Convert ordered dictionary to different format

Question

I need to convert the given list of ordered dictionaries in a different format with minimal time complexity. Code for reproducing example:

import csv
from collections import OrderedDict

list_of_dicts = [OrderedDict([('key_a','value_a'),('key_b','value_b')]), 
                 OrderedDict([('key_a','value_c'),('key_b','value_d')]),
                 OrderedDict([('key_a','value_e'),('key_b','value_f')])]

Need to convert the above to the following (WITHOUT USING EXPLICIT FOR LOOP):

convertedDictionary = [OrderedDict([('value_a','value_b')]),
                       OrderedDict([('value_c','value_d')]),
                       OrderedDict([('value_e','value_f')])]

Answer 1

first step: get the lists: simple enough mapping dict.values to the dicts:

>>> list(map(dict.values,list_of_dicts))
[['value_a', 'value_b'], ['value_c', 'value_d'], ['value_e', 'value_f']]
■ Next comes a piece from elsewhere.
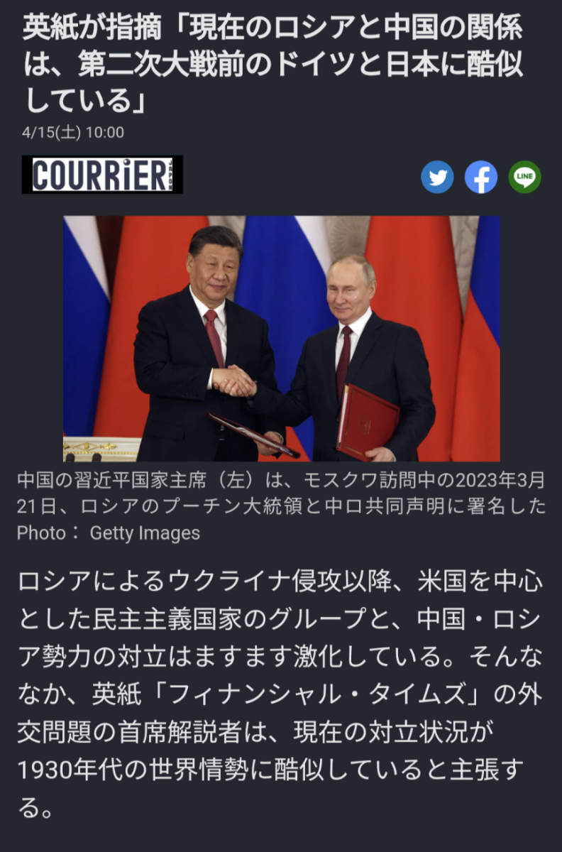 英紙が指摘「現在の中国とロシアの関係は、第二次世界大戦前のドイツと日本に酷似している」

Now for the final result, without loops, the only alternative is map with lambda but it's ugly

>>> list(map(lambda x : OrderedDict((x,)),map(dict.values,list_of_dicts)))
[OrderedDict([('value_a', 'value_b')]),
 OrderedDict([('value_c', 'value_d')]),
 OrderedDict([('value_e', 'value_f')])]

which is much better (and probably faster) with an outer list comprehension:

[OrderedDict((x,)) for x in map(dict.values,list_of_dicts)]

note: why using OrderedDict if you only have 1 value per dictionary? why storing only one value per dictionary? Unless this is an initialization step, the data model looks dubious.